__INSTRUCTIONS FOR THE TASK__
Copy the records below exactly, leaving out any pictures.
** SOURCE RECORDS follows **
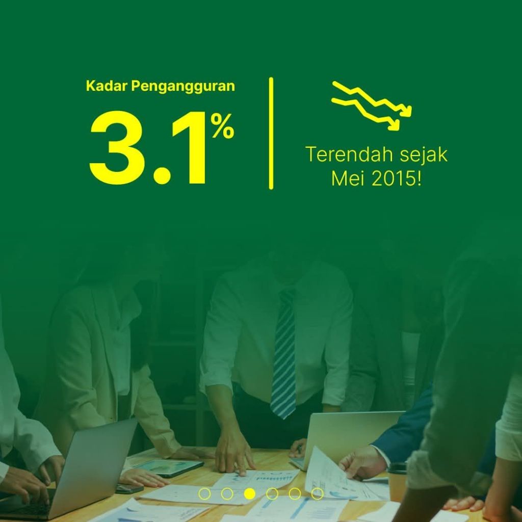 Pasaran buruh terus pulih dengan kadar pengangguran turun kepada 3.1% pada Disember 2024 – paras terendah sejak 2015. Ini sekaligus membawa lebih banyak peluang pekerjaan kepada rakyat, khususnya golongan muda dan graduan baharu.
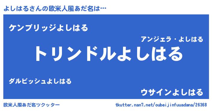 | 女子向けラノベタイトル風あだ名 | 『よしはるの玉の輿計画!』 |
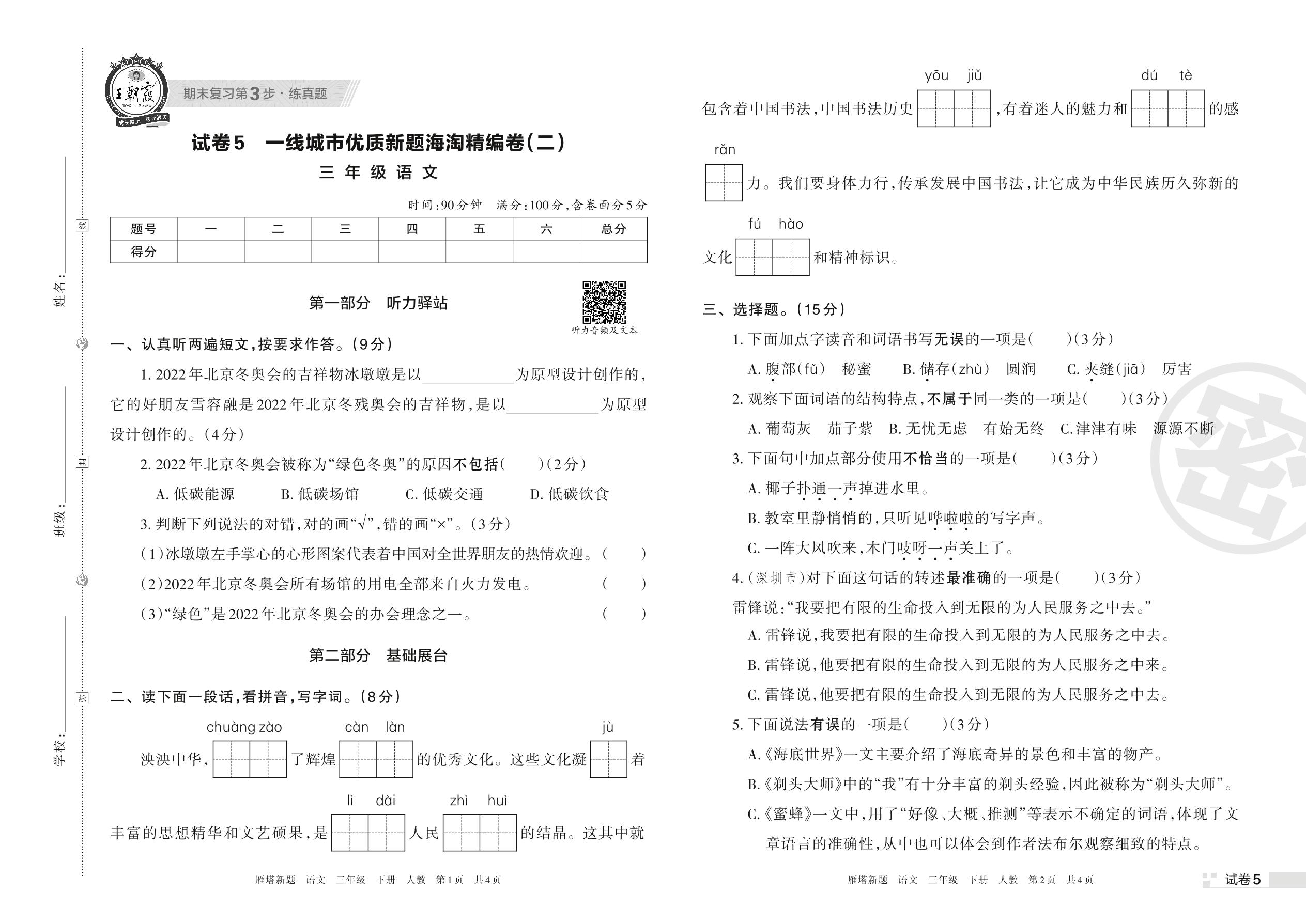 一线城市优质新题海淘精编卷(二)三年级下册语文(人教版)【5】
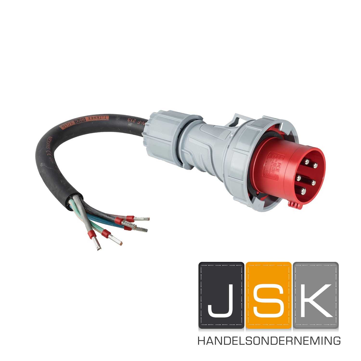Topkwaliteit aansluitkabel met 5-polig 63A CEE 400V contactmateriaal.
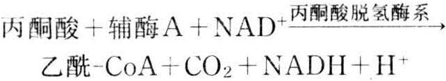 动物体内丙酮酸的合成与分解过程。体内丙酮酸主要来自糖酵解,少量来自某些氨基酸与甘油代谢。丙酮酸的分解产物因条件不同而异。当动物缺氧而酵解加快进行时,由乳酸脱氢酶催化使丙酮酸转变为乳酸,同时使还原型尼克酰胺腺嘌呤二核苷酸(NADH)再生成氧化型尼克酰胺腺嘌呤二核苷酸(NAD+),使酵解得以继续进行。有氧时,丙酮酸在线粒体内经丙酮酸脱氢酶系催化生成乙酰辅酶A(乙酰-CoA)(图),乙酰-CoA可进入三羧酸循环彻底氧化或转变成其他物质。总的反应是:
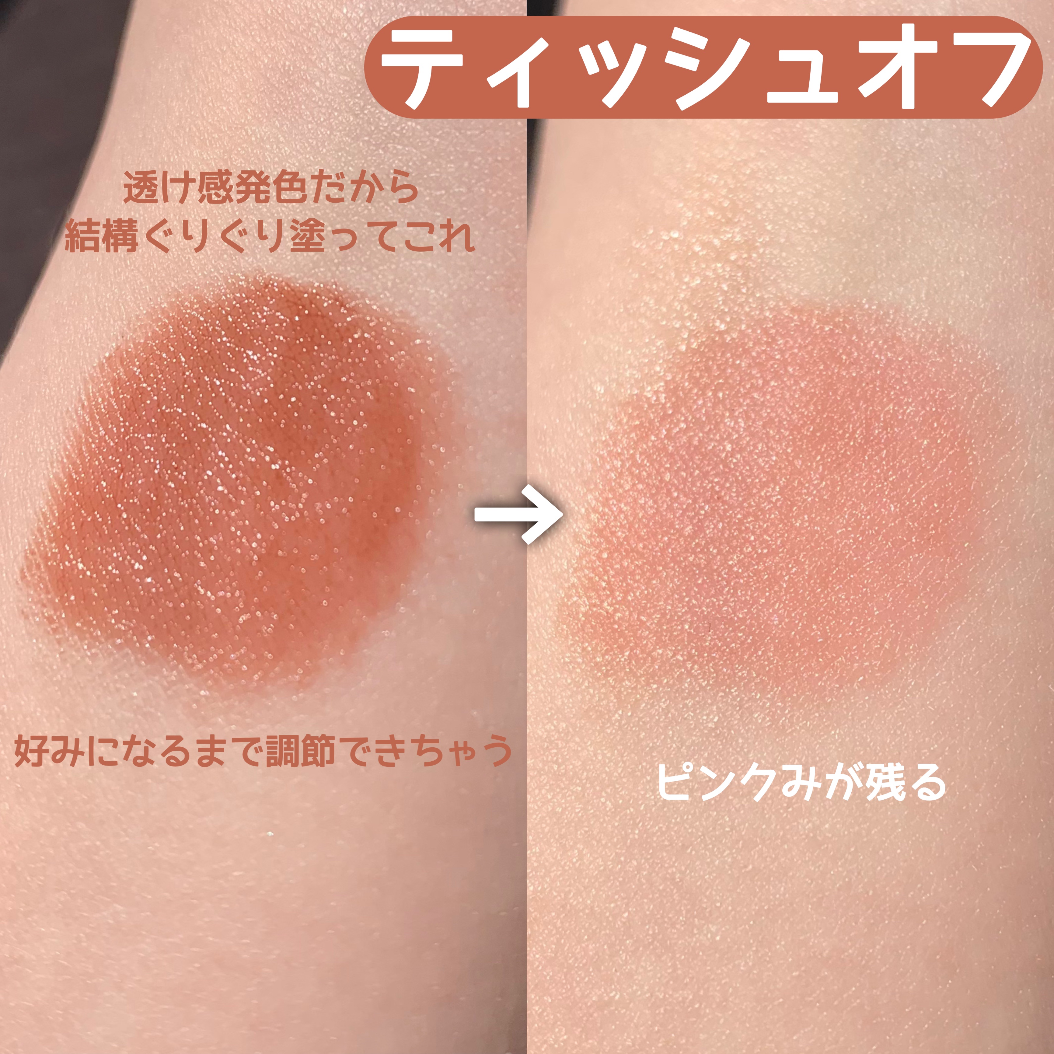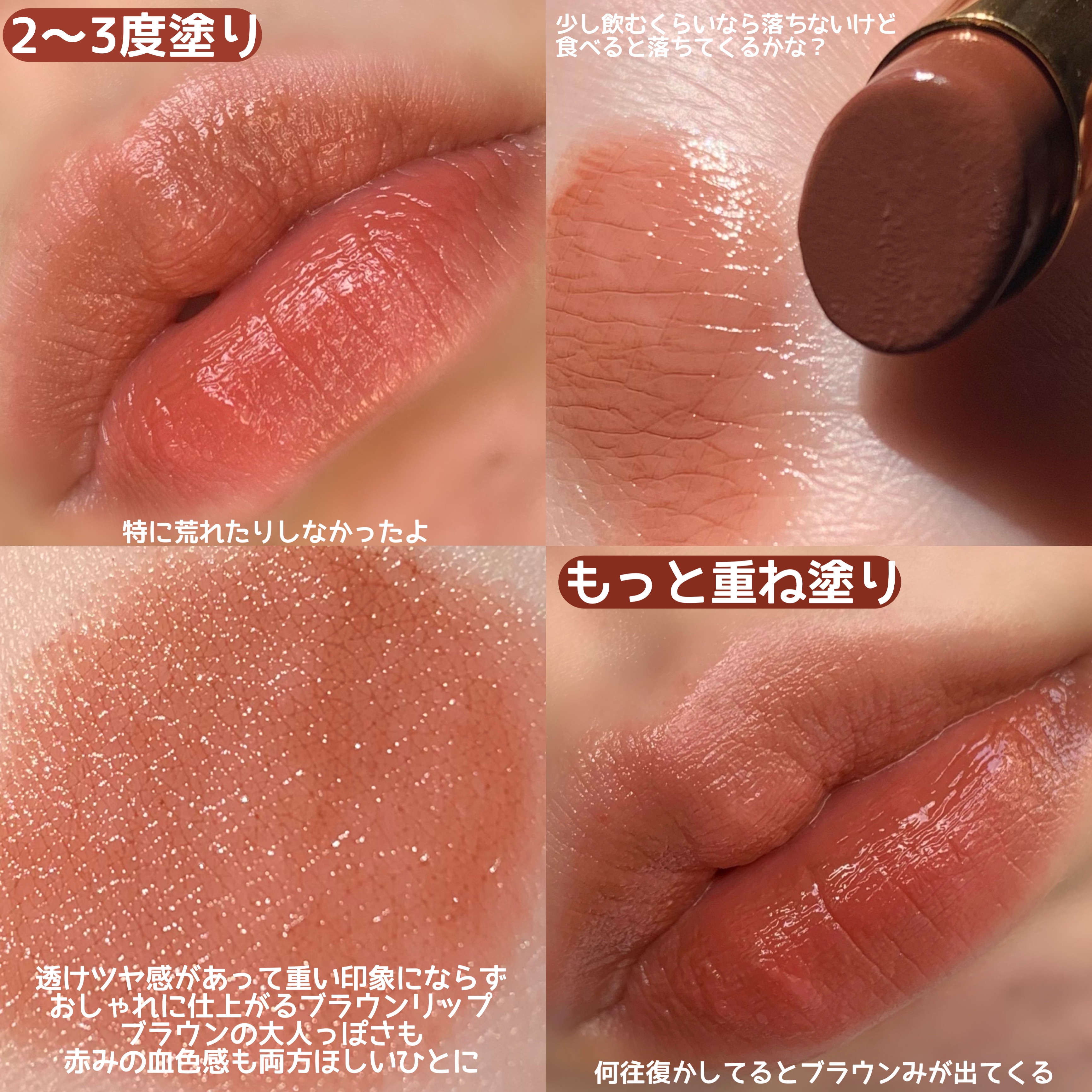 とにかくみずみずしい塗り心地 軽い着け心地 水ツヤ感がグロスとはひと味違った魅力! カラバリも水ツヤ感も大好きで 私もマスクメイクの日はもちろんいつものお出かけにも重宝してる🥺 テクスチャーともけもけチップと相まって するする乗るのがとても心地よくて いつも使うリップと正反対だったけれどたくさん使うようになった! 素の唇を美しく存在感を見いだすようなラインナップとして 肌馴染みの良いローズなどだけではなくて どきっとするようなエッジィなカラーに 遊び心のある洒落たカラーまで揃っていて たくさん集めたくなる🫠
** End of SOURCE RECORDS **
__EXPECTED ANSWER__
 Pasaran buruh terus pulih dengan kadar pengangguran turun kepada 3.1% pada Disember 2024 – paras terendah sejak 2015. Ini sekaligus membawa lebih banyak peluang pekerjaan kepada rakyat, khususnya golongan muda dan graduan baharu.
 | 女子向けラノベタイトル風あだ名 | 『よしはるの玉の輿計画!』 |
 一线城市优质新题海淘精编卷(二)三年级下册语文(人教版)【5】
Topkwaliteit aansluitkabel met 5-polig 63A CEE 400V contactmateriaal.
 动物体内丙酮酸的合成与分解过程。体内丙酮酸主要来自糖酵解,少量来自某些氨基酸与甘油代谢。丙酮酸的分解产物因条件不同而异。当动物缺氧而酵解加快进行时,由乳酸脱氢酶催化使丙酮酸转变为乳酸,同时使还原型尼克酰胺腺嘌呤二核苷酸(NADH)再生成氧化型尼克酰胺腺嘌呤二核苷酸(NAD+),使酵解得以继续进行。有氧时,丙酮酸在线粒体内经丙酮酸脱氢酶系催化生成乙酰辅酶A(乙酰-CoA)(图),乙酰-CoA可进入三羧酸循环彻底氧化或转变成其他物质。总的反应是:
 とにかくみずみずしい塗り心地 軽い着け心地 水ツヤ感がグロスとはひと味違った魅力! カラバリも水ツヤ感も大好きで 私もマスクメイクの日はもちろんいつものお出かけにも重宝してる🥺 テクスチャーともけもけチップと相まって するする乗るのがとても心地よくて いつも使うリップと正反対だったけれどたくさん使うようになった! 素の唇を美しく存在感を見いだすようなラインナップとして 肌馴染みの良いローズなどだけではなくて どきっとするようなエッジィなカラーに 遊び心のある洒落たカラーまで揃っていて たくさん集めたくなる🫠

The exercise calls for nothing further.